Last year, myself, Brendy and Graham got fearfully excited about Straftat, a bountiful free 1v1 FPS with map designs calibrated to nostalgiafuck anybody who ever played Quake over an LAN or hoarded shareware CDs. Our fever burned all the hotter for knowing that Straftat is the work of them wot did Babbdi, the amazing Brutalist exploration game from 2022.
Brendy and Graham have now left the Treehouse, alas, so there is nobody here to get excited with me about VHOLUME, a first-person parkour game from one of the Straftat developers. I am sitting alone in my room, sorrowfully punching the air, tears pooling around my ankles and threatening to short-circuit the PC. Just as well it’s a single player experience, I guess.
Image credit: IronEqual
VHOLUME is the work of Léonard Lemaitre, the aforesaid Straftat dev, plus Nathan Grange and Niels Tiercelin, who I’m not familiar with. It’s being published by IronEqual. The game casts you as Robert, a man galloping through “the derelict capital of Afro-Eurasia”, ruled by a tyrannical Ministry. He’s on a mission to restore his family’s revoked ration tickets. Quite what this has to do with parkour remains to be seen. It doesn’t look like there are any other humans in the setting.

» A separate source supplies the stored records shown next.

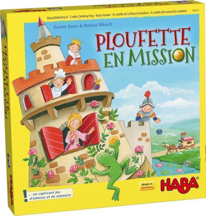 Et plouf ! Depuis sa fenêtre, un habitant du château a encore fait tomber quelque chose dans l’étang. Sa bille dorée manque à la princesse, le magicien cherche désespérément sa boule de cristal et le cuisinier a perdu son chou. Mais que vont-ils bien pouvoir faire ? Ploufette, la grenouille qui sait grimper le long des murs, est la seule à pouvoir récupérer leurs objets. Sa mission est complexe : retrouver le propriétaire de chaque objet et escalader les murs de la tour pour lui ramener l’objet. Ploufette a besoin de votre aide ! Les joueurs doivent ouvrir une fenêtre pour retrouver l’habitant concerné, puis faire grimper la grenouille jusqu’à lui en manœuvrant habilement les cordelettes (mais sans faire tomber la bille dans un mauvais trou du mur). Avec beaucoup d’adresse et de la mémoire, celui qui rapportera le plus d’objets remporte la partie.
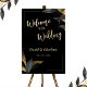 Elegant Wedding Welcome Black with Gold Sign designed with black and gold colored leaves on a black background with gold colored text. The text includes: Welcome to our Wedding, along with the Bride and Groom's First Names and Wedding Date. To personalize, simply insert your details into our easy template, replacing the sample text.
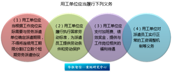 在叙述风险应对措施之前,这里有必要先说明一下《劳动合同法》下实际用工单位的义务,根据《劳动合同法》的相关规定,用工单位应当履行下列义务:(1)用工单位应当根据工作岗位的实际需要与劳务派遣单位确定派遣期限,不得将连续用工期限分割订立数个短期劳务派遣协议;(2)用工单位应履行执行国家劳动标准,为派遣员工提供劳动条件和劳动保护;(3)用工单位应支付加班费、绩效奖金,提供与工作岗位相关的福利待遇;(4)用工单位对派遣员工实行正常的工资调整机制等义务。
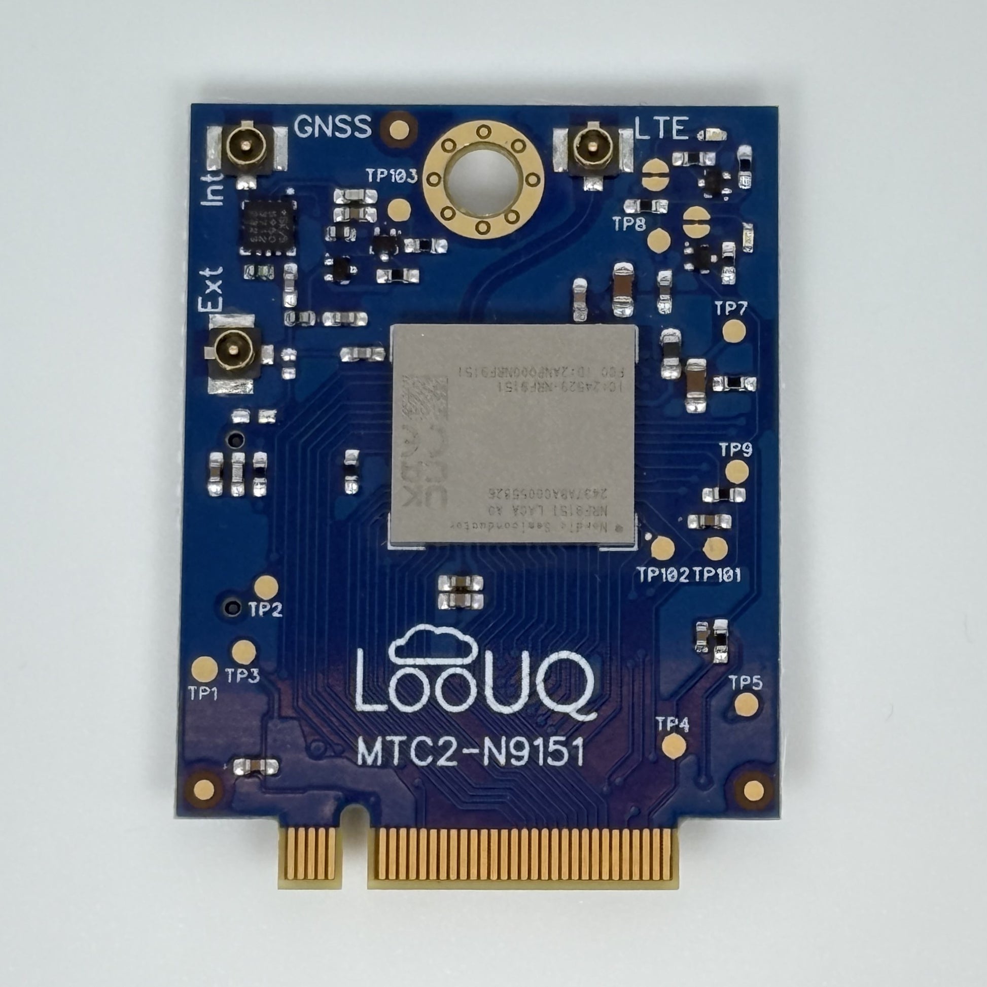 Our flagship modem, the MTC2-N9151 is based on the Nordic nRF9151 SIP. The MTC2-N9151 ushers in a new paradigm for LooUQ with a truly “smart” modem. Offering a range of possibilities. The MTC2-N9151 has both LTE and GNSS functionality, including support for the new NTN (non-terrestrial networking aka: satellite) firmware with select providers.
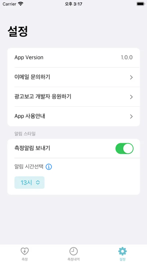 또한 매일 같은시간에 측정하는것을 잊지 않도록 알림설정 도 할수있습니다~
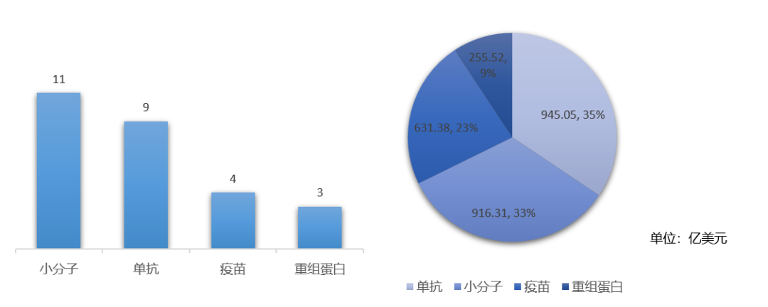 注:恩格列净为2021年数值(BI财报未出),按照礼来财报该产品的增速推测2022年依旧超过50亿美元。1)汇率换算:1美元=0.9540瑞士法郎,1美元=0.9485欧元,1美元=130.57日元;2)日本企业武田、小野为2022自然年收入从药物类型上看,50亿+美元药品中,小分子药物与单抗类药物在数量和销售额上算是平分秋色;疫苗、重组蛋白类药物共7款,其中新冠mRNA疫苗Comirnaty作为疫情特殊历史时期催生出的特殊产品,年销售额300亿+也是现象级产品了。2022年50亿+美元上药品类型的数量和收入分布
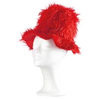 Włochaty kapelusz w kolorze czerwonym. Wykonany jest z tkaniny poliestrowej dobrej jakości, wewnątrz miękki zamsz. Rozmiar uniwersalny. Obwód ok. 58 cm, wysokość 12 cm. Produkt wysokiej jakości amerykańskiej firmy Amscan.
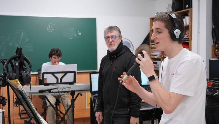 Otsaileko astelehen arratsalde bat da, otsailaren 23koa zehazki, baina ikasturteko beste edozein astelehen arratsalde izan daiteke. 19:30ak jotzeko minutu batzuen faltan, ilundu berri du Zarautzen, eta Lapurdi kaleko haur parkea, duela minutu batzuk leporaino beteta zegoena, guztiz hustu da. Errepidearen bestaldean dago Imanol Urbieta musika eskola, eta inguruan mugimendu handirik nabaritzen ez den arren, barruan argia ikus daiteke. Atea zeharkatuta, hutsik daude korridoreak, baina ez gelak. Eskaileretan gora, barreak sumatzen dira bigarren solairuko gela batean. Juan Pardo, Izei Lasa, Unax Esnaola, Mikel Agirrezabala, Markel Ugarte, Mateo Larraza eta Unai Benitez dira, baita Iñigo Isasti irakaslea ere; Jon Urien falta da gaurkoan, kale egin du.
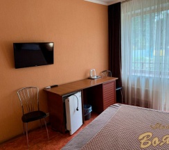 Чисто, уютно ..вежливый персонал! В номере ( котором жил пару дней ) ,телевизор кондиционер чайник выход на балкон.В коридоре есть кулер и микроволновка . Рядом сосновый парк !дорожки освещаемые . Вечером пройтись ..шикарно, не смотря на наличии ж/ д пути и трассы. Если напрягают посторонние звуки ,по ищите другой отель. В целом мне понравилось!

It’s another dystopian Brutalist world of canted slabs, yawning concrete turbines, and slit windows stacked in such a way as to inspire massive trypophobia. In some of the screens, it looks like there’s some liveable urban architecture. In others, it looks like a continuation of Straftat’s abstract level mash-up ethos, with blocks jutting from mist.
The tech is less 90s than that of Straftat or Babbdi, with softer, diffuse lighting and shadows. I’m not sure which aesthetic I prefer. VHOLUME is a handsome beast, but it’s sort of like they rubbed Straftat down with scented oils.
Expect “movement-centric gameplay where the player can jump, run, climb and slide with great freedom”. True princes of parkour “can exploit momentum, discover shortcuts, and break the labyrinthine design, making each run a test of skill and efficiency as they chase target times.”
There’s no release date yet, and no trailer, but you can find some gifs on the Steam page. I imagine Mirror’s Edge fans who can live without the radiance of that game’s City of Glass might enjoy this. As will people who relished last year’s Lorn’s Lure.